## Assigned task
An exact copy of the data is needed, one that excludes all pictures.

[Stored data — start]

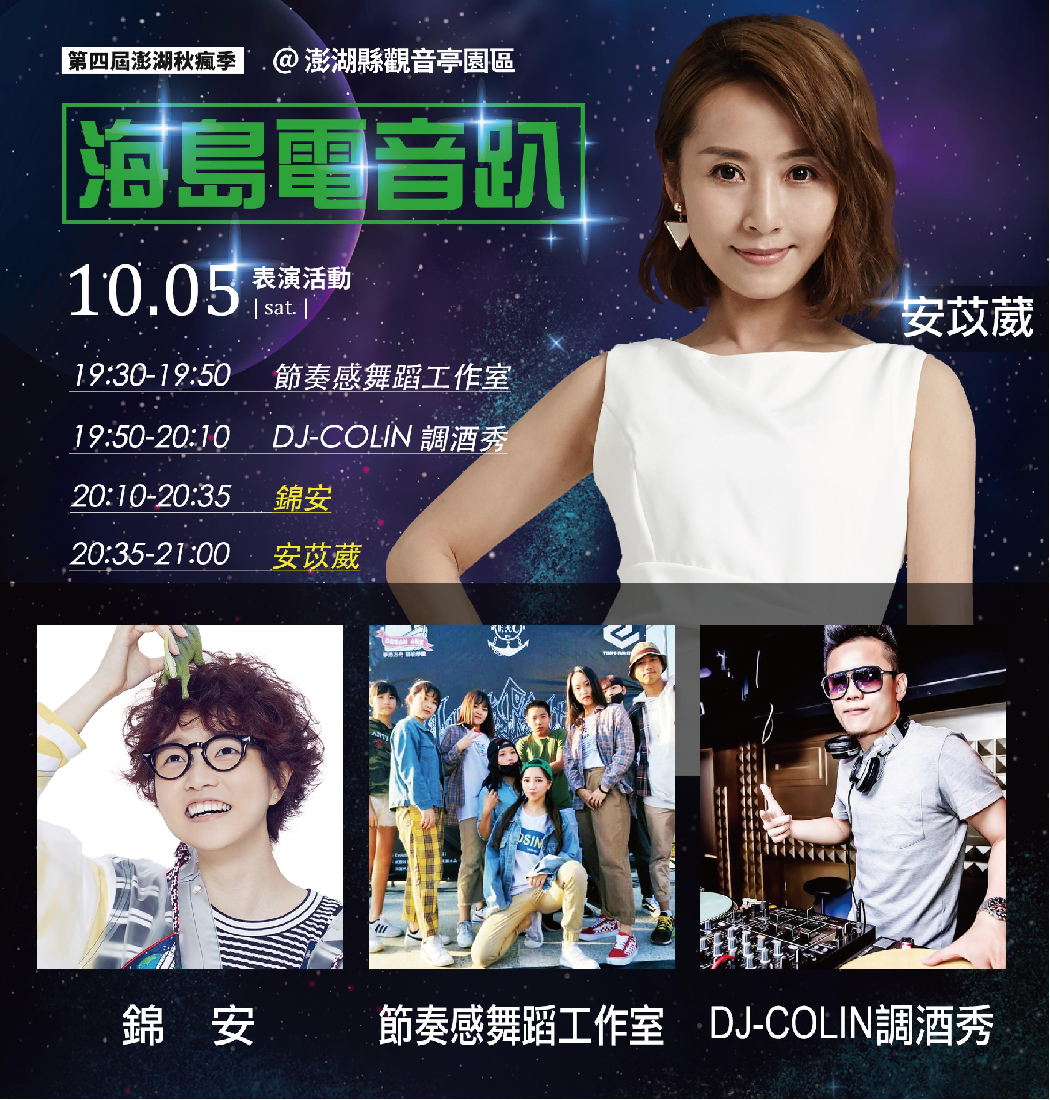 澎湖第四屆秋瘋季重點活動,澎湖國際燈光節週週精彩,本週迎來備受大眾喜愛的電音表演集合,準備要嗨翻菊島夜晚!不只有全台眾所皆知的前芭比團員安苡葳帶來勁歌演出,澎湖本地強檔舞團節奏感舞蹈工作室為電音之夜掀起序幕,更有曾在台北知名W飯店演出過的DJ-COLIN帶來調酒秀,「最強旋律製造機」錦安讓你沉醉在深刻的律動中,10月5日這周六千萬別錯過海島電音趴!
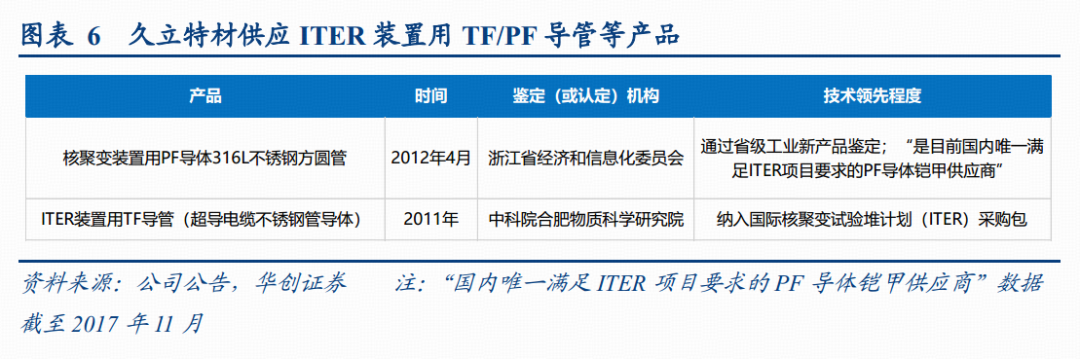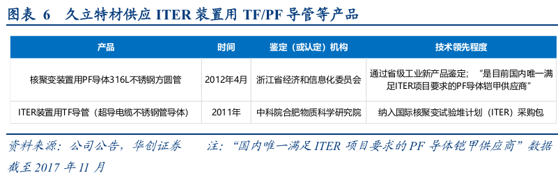 1)具备ITER供货能力。公司专注特殊管材37年,具备ITER装置用TF/PF导管的供货能力。
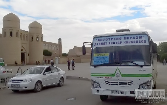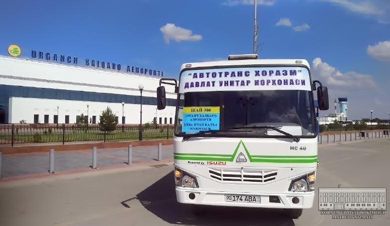 В целях их выполнения Хорезмским областным транспортным управлением министерства транспорта Республики Узбекистан проводится ряд мероприятий. В частности, по маршруту, проходящим по направлению "Международный аэропорт "Ургенч" - государственный музей-заповедник "Ичан-калъа" в городе Хиве поставлены 3 новых автобуса марки "Исузу", принадлежащие унитарному предприятию "Автотранс Хоразм" при министерстве транспорта Республики Узбекистан.
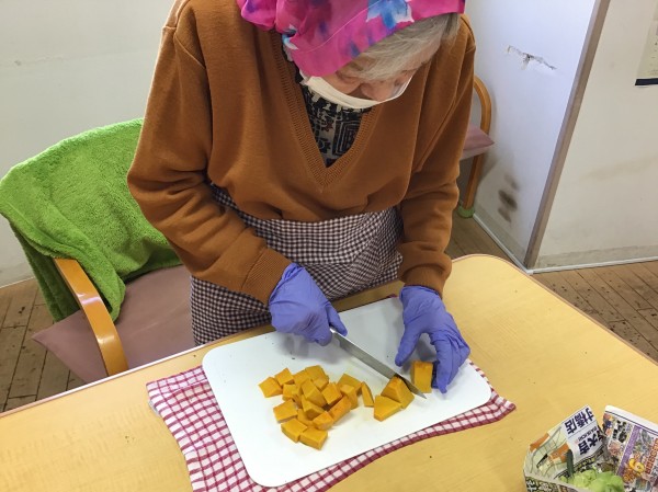最初はカボチャを細かく切っていきましょう♪

[Stored data — finish]

## Result of this task
 澎湖第四屆秋瘋季重點活動,澎湖國際燈光節週週精彩,本週迎來備受大眾喜愛的電音表演集合,準備要嗨翻菊島夜晚!不只有全台眾所皆知的前芭比團員安苡葳帶來勁歌演出,澎湖本地強檔舞團節奏感舞蹈工作室為電音之夜掀起序幕,更有曾在台北知名W飯店演出過的DJ-COLIN帶來調酒秀,「最強旋律製造機」錦安讓你沉醉在深刻的律動中,10月5日這周六千萬別錯過海島電音趴!
 1)具备ITER供货能力。公司专注特殊管材37年,具备ITER装置用TF/PF导管的供货能力。
 В целях их выполнения Хорезмским областным транспортным управлением министерства транспорта Республики Узбекистан проводится ряд мероприятий. В частности, по маршруту, проходящим по направлению "Международный аэропорт "Ургенч" - государственный музей-заповедник "Ичан-калъа" в городе Хиве поставлены 3 новых автобуса марки "Исузу", принадлежащие унитарному предприятию "Автотранс Хоразм" при министерстве транспорта Республики Узбекистан.
最初はカボチャを細かく切っていきましょう♪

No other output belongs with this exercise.